Ospite a Cielo che gol, Sara Tommasi ammette di aver fatto uso di droghe. I suoi non sono stati errori ma esperienze.

La beatificazione di Sara Tommasi si sta svolgendo in televisione, in pratica. Ospite di varie trasmissione, sta ripercorrendo la sua vita di sbagli, un po’ troppo sopra le righe. Certo, rispetto alla Sara Tommasi a cui ci ha abituati da mesi a questa parte, quella che appare sul piccolo schermo in questi giorni, è tutt’altra persona.

Dimessa, impacciata, non la si riconosce, forse neanche Simona Ventura riesce a rivedere in lei la Sara Tommasi spavalda de L’isola dei famosi e Quelli che il calcio. La show girl che, ricordiamo essere laureata alla Bocconi di Milano, si racconta a cuore aperto a Cielo che gol, ma era già passata da Domenica In intervistata da Don Mazzi:

Le amicizie sbagliate mi hanno condotto agli stupefacenti, ma questa non è la soluzione dei problemi e i giovani lo devono sapere. Ho assunto droghe perché sentivo la pressione del mondo dello spettacolo e non riuscivo a vivere serenamente. Considerate che mia madre si era ammalata e che i miei genitori sono separati. Mi sentivo sola, anche se sono sempre stata una ragazza spigliata.

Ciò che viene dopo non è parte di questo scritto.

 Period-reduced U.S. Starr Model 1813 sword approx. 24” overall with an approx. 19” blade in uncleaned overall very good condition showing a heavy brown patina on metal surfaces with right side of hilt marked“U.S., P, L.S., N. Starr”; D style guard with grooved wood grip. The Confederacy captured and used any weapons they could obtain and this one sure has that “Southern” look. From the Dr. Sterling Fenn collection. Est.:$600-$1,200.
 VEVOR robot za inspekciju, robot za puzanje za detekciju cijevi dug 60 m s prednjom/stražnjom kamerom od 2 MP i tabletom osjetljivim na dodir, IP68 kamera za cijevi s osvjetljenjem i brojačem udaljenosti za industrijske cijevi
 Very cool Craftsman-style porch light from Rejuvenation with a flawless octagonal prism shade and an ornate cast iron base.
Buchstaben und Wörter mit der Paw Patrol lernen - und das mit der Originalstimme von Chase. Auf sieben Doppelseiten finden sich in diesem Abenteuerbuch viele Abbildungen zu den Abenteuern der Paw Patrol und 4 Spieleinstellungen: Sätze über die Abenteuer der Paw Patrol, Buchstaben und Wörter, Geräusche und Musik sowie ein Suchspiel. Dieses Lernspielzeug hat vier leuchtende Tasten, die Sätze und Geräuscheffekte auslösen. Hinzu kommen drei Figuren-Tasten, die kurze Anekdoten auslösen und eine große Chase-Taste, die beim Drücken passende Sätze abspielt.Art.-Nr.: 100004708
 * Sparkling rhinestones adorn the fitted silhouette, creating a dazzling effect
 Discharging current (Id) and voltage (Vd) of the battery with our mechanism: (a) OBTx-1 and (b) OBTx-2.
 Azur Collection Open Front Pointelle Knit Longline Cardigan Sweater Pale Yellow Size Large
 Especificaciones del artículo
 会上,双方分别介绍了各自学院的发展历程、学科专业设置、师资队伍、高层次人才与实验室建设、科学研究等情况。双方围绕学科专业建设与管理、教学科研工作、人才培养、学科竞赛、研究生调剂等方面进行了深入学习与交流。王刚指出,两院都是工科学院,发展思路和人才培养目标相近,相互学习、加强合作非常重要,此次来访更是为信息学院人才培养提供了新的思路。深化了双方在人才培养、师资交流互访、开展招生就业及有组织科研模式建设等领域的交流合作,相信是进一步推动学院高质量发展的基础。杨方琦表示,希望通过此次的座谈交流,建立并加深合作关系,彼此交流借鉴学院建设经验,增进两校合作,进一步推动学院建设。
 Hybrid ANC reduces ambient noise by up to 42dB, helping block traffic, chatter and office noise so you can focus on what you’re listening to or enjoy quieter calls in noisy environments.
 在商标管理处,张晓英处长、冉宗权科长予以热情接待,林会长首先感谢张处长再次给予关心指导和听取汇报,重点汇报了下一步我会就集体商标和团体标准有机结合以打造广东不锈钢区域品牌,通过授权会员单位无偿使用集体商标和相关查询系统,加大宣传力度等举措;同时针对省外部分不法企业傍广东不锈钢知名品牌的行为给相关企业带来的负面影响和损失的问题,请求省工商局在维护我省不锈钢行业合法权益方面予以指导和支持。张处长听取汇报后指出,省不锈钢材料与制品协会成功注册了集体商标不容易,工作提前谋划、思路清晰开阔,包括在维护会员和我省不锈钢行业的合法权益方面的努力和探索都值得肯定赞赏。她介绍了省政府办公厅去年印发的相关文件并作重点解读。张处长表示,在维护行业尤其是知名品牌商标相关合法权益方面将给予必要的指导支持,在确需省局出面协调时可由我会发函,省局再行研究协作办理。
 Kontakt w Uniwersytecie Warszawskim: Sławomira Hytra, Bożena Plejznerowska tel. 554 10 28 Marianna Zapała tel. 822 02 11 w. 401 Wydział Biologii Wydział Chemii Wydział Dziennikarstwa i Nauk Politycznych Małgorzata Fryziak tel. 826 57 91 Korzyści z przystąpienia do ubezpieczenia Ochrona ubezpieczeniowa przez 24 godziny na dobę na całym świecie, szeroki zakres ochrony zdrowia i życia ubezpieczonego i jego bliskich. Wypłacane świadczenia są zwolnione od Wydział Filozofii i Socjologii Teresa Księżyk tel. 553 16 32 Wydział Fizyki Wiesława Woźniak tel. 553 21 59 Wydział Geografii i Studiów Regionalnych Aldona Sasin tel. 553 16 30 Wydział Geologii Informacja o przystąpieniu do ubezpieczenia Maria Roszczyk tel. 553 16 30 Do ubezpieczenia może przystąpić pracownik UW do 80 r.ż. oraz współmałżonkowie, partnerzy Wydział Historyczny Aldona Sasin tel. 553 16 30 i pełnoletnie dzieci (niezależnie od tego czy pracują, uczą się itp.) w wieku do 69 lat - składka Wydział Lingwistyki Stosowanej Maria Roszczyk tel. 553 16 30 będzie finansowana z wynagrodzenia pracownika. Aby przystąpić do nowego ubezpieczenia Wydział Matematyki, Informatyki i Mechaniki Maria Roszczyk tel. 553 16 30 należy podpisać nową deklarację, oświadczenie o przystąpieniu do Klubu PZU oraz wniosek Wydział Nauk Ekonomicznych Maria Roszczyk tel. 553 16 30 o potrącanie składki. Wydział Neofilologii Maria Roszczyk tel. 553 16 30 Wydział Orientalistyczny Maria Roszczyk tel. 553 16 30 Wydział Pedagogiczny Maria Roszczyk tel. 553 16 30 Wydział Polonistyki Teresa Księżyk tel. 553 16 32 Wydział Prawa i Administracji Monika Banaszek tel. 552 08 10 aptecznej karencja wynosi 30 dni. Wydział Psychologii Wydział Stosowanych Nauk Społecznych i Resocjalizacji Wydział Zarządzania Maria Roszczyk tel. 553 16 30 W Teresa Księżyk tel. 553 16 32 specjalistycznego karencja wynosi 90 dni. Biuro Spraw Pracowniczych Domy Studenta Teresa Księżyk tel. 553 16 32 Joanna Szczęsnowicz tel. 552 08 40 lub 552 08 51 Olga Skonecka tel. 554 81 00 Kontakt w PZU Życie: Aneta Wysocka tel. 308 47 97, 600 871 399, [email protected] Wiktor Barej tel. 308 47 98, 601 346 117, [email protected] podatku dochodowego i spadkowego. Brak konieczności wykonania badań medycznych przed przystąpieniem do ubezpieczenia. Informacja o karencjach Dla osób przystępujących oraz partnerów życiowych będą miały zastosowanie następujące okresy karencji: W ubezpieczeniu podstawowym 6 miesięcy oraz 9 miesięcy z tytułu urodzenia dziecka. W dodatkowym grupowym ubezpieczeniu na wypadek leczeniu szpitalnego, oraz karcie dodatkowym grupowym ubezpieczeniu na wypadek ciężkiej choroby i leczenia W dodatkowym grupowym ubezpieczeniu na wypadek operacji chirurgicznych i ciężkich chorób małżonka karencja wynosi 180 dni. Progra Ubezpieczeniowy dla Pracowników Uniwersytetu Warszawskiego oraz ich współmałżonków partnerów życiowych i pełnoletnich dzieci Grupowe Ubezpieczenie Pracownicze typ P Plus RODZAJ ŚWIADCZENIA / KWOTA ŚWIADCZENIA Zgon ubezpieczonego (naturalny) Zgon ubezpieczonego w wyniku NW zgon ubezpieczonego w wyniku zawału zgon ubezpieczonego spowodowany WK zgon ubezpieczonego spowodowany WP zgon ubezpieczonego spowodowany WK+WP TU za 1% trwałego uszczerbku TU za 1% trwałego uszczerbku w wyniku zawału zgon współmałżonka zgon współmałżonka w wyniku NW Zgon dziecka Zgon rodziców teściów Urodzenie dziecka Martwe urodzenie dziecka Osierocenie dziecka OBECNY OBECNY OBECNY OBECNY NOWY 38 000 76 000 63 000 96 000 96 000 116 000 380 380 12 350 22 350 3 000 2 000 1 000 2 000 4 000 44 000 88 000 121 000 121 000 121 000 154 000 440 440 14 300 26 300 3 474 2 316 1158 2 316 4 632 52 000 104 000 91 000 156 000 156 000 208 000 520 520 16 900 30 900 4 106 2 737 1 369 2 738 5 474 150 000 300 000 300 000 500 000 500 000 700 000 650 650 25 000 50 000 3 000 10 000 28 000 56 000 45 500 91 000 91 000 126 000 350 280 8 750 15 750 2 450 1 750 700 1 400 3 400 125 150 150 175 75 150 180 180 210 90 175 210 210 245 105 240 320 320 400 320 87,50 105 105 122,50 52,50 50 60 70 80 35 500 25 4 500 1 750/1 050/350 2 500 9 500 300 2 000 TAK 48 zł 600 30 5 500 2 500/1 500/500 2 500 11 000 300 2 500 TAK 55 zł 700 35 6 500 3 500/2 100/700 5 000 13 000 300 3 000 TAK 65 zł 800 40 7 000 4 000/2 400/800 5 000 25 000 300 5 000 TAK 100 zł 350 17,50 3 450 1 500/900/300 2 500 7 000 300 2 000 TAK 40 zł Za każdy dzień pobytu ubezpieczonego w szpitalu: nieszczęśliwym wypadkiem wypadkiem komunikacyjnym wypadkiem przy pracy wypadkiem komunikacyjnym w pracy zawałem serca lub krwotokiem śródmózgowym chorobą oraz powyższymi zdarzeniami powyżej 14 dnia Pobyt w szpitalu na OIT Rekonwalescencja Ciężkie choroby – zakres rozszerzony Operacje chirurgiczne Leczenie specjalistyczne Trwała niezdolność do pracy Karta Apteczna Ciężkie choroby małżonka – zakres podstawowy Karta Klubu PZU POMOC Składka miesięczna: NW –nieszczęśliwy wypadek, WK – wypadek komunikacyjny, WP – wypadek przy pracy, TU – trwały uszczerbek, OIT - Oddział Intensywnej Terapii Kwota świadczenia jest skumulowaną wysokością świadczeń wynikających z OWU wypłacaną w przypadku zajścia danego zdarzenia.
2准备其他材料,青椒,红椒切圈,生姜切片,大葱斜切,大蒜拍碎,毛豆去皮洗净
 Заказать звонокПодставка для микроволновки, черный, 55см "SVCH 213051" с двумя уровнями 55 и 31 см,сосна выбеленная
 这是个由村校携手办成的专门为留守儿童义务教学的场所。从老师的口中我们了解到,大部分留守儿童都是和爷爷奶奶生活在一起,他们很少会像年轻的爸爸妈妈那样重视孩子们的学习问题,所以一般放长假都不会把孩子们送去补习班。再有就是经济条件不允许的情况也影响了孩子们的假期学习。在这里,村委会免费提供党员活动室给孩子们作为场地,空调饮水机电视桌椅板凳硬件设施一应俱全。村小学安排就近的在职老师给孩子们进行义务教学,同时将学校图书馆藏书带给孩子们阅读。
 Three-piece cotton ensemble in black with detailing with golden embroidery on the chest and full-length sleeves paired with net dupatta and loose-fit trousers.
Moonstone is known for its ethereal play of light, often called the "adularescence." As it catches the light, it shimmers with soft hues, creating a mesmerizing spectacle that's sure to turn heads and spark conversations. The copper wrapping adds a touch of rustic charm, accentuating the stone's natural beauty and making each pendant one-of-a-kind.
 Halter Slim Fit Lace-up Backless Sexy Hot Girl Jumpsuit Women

Sara Tommasi affronta anche il discorso dei film porno, un ritorno in grande stile, che ha avuto molta risonanza. Ammette di averli girati prima di farsi curare ma, quasi a giustificarsi, dice che non era in sé, non era ancora sotto terapia psichiatrica:

Anche Tinto Brass mi aveva chiesto di fare un film a luci rosse, tempo fa, ma avevo rifiutato. Il video hard però è stato girato quando non ero in me, quando avevo gravi problemi psicologici e prendevo sostanze illegali a causa delle cattive compagnie. C’è una causa da dieci milioni di euro in ballo perché loro hanno venduto molto e io ne ho avuto in tasca ben poco.

Questione di soldi, e se la prende con ‘chi l’ha usata’, insomma, per Sara Tommasi alla ricerca di una nuova immagine. Parole a volte pesanti che sono riuscite a commuovere Simona Ventura durante la chiacchierat con lei su una panchina, a mo’ di Forrest Gump. Cerca di nascondere il volto dietro la sua cartellina davanti ad un collega esterrefatto e imbarazzato:

Io odio le lacrime in tv, sono contro la tv del dolore, anzi ho sempre detto che mi fa schifo. In questo momento sto facendo una figuraccia.